What the task requires:
Here is a listing, set out below; repeat its lines from the one with "まずは、ストレッチゴールの第一段階。" to the last, both included, and leave out the pictures.

Data provided:
=-=-=
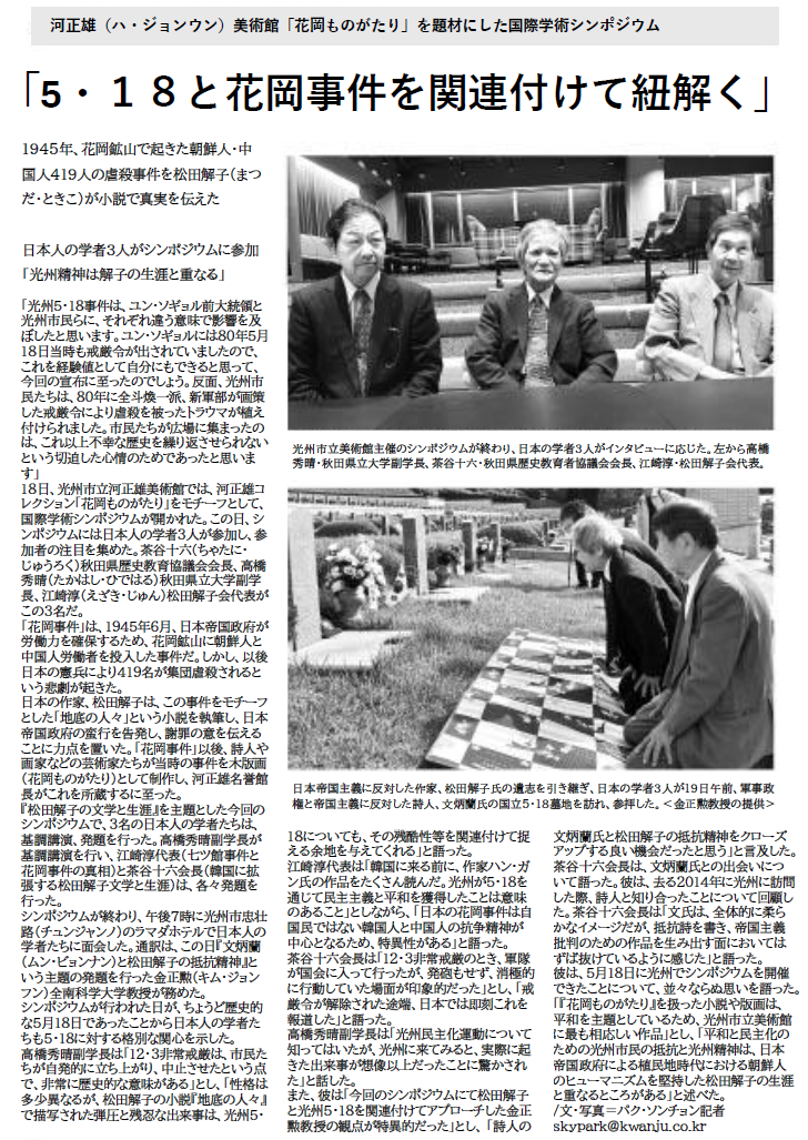5月20日付け光州日報 ※和訳に編集 クリックで拡大
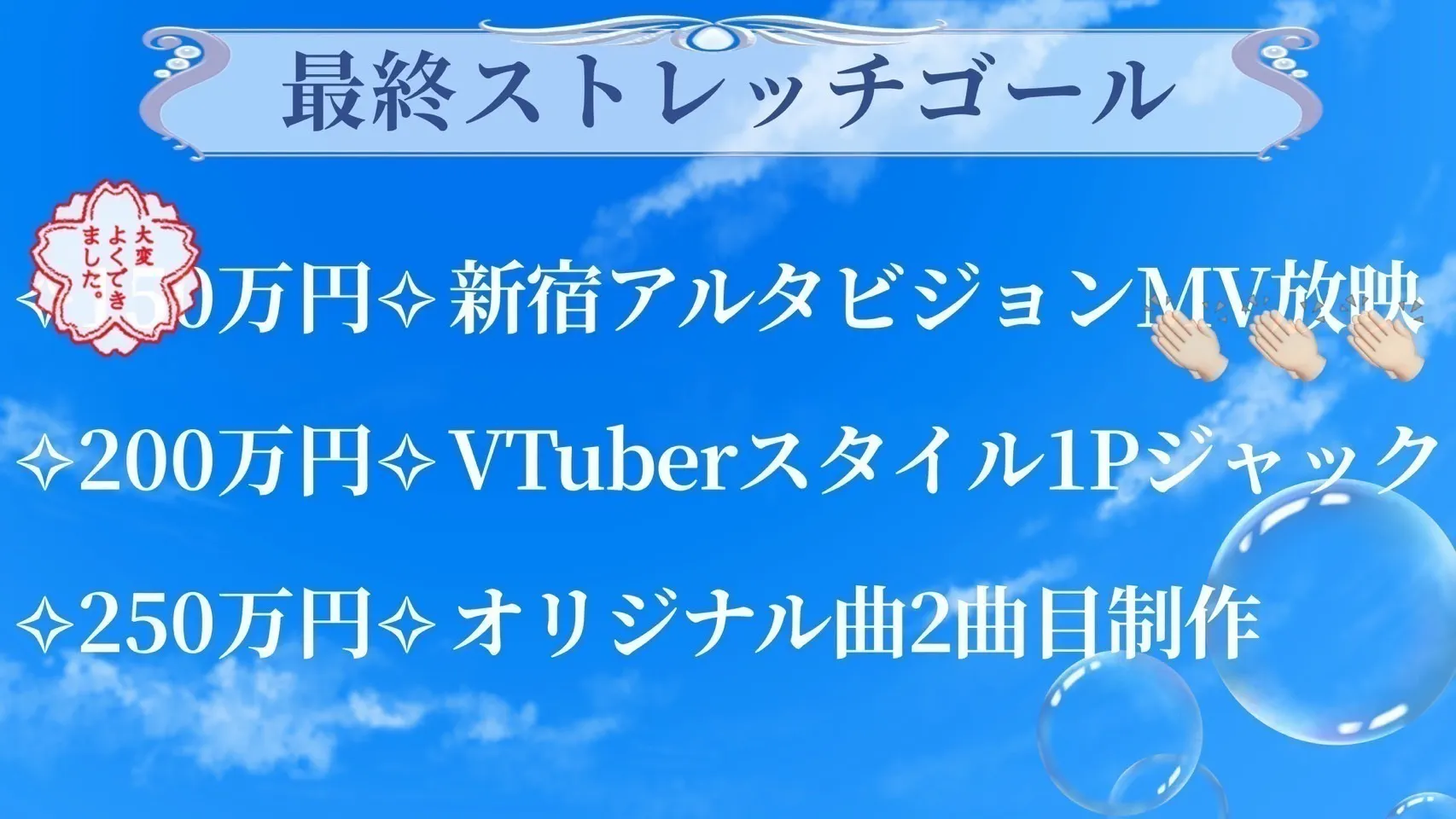 まずは、ストレッチゴールの第一段階。
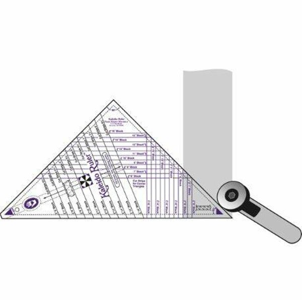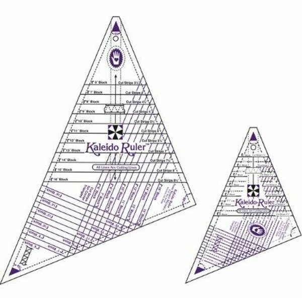 Met deze liniaal snijdt men makkelijk en eenvoudig de beide driehoeken voor caleidoscoop blokken van 2 tot 8 inch.
=-=-=
Task response:
 まずは、ストレッチゴールの第一段階。
 Met deze liniaal snijdt men makkelijk en eenvoudig de beide driehoeken voor caleidoscoop blokken van 2 tot 8 inch.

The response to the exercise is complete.